My hen is acting like a cock since around 7 months, he;ll do the song and dance with the circles and the chest blowing and the bowing down and then she will do the same exact thing, the cock that I know for sure is a cock is very attached to "her" but she could really kind of care less, they don't fight though...

The breeder wasn't POSITIVE that she is actually a she, so what are my odds? he said he was 95% sure she is a hen but I am not completely convinced...


----------



## AZCorbin (Feb 28, 2011)

Some hens are very cocky. Here is a thread talking about the same deal.


----------



## sev3ns0uls (Jul 2, 2011)

i think that if she is dancing and blowing the cooing noise then it may be a he not a she. 

sometime hen will cock and dance too but less powerful from a cock. 

I not sure but i do have a young pair. A 8 months old check cock and a 6 months old white hen. The cock is very agile and coo alot and do his dance swiftly. The hen use to coo and fight back with the other bird when she was younger but now that she have a mate, she is less cooing and mostly stay by her mate side. 
if your is acting like a cock then there is a chance its a cock not a hen.

what kind of pigeon is your? if its other type other than racing homer then i i dont know.


----------



## SamanthaBrooke (Jun 24, 2011)

I'm just going to have her tested!

She does the dance but not like him and her coo is kind of short and deep/muffled sound...I think she is a she.


----------



## g_girl313 (May 31, 2011)

I have a few pairs of "gay pigeons", one is definitely two females, and if it weren't for the fact that I watched them both lay eggs, i would have never known.
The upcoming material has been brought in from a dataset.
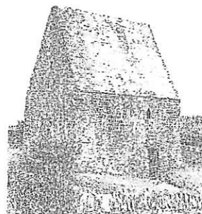
Vormittelalterliche Kirchen von Assyrien bis zu den Inseln von Nordwest-Europa

Die Anfänge einer Christifikation der Welt durch das Wort der Predigt Gottes
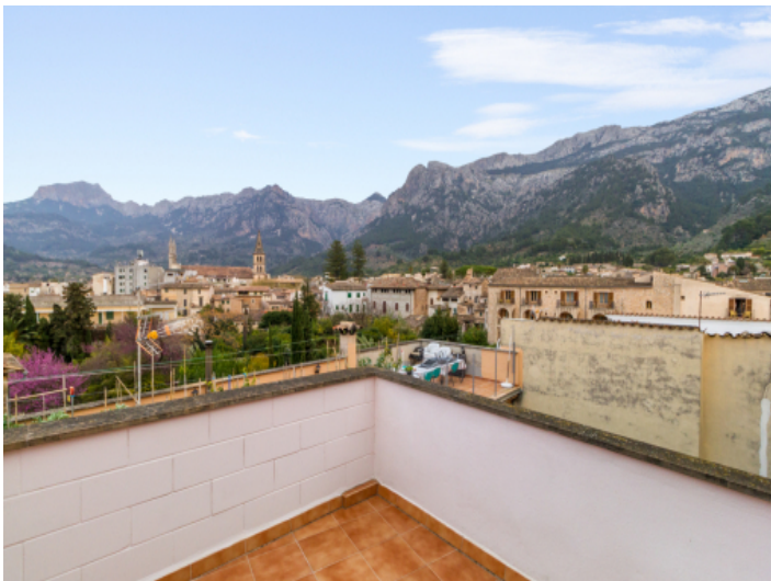
Dorfhaus mit großer Dachterrasse und Bergblick in Soller

They both act like males.


----------



## Jay3 (May 4, 2008)

You just might have a cock there.


----------



## Skyeking (Jan 17, 2003)

SamanthaBrooke said:


> My hen is acting like a cock since around 7 months, he;ll do the song and dance with the circles and the chest blowing and the bowing down and then she will do the same exact thing, the cock that I know for sure is a cock is very attached to "her" but she could really kind of care less, they don't fight though...
> 
> The breeder wasn't POSITIVE that she is actually a she, so what are my odds? he said he was 95% sure she is a hen but I am not completely convinced...


If she has never laid an egg she may just be a he.


----------



## spirit wings (Mar 29, 2008)

SamanthaBrooke said:


> My hen is acting like a cock since around 7 months, he;ll do the song and dance with the circles and the chest blowing and the bowing down and then she will do the same exact thing, the cock that I know for sure is a cock is very attached to "her" but she could really kind of care less, they don't fight though...
> 
> The breeder wasn't POSITIVE that she is actually a she, so what are my odds? he said he was 95% sure she is a hen but I am not completely convinced...


even experienced breeders get it wrong...allot. it is good he was honest with you though and knew there could be a chance of her being a him...happens all the time. If you do not see eggs in the next few weeks or months then your guess is probably right..he may be a cock bird.


----------



## markp1969 (Nov 23, 2010)

I just got a pair of Meuleman's and the hen is the most aggressive bird in my loft. She will drag her tail a coo and drive the cock to the nest...lol. They are in their breeders box and they laid eggs a few days ago. She's the one that sits at night like most hens do. I thought for sure they messed up the pedigrees and had the sexes wrong. Guess it gos to show that you can't always tell by the way they act.


----------



## Pijlover (May 5, 2010)

In my experience its very difficult to keep two grown up males in a nest, they will go for a fight till the bussiness is settled 

But two hens and a male female can..!!


----------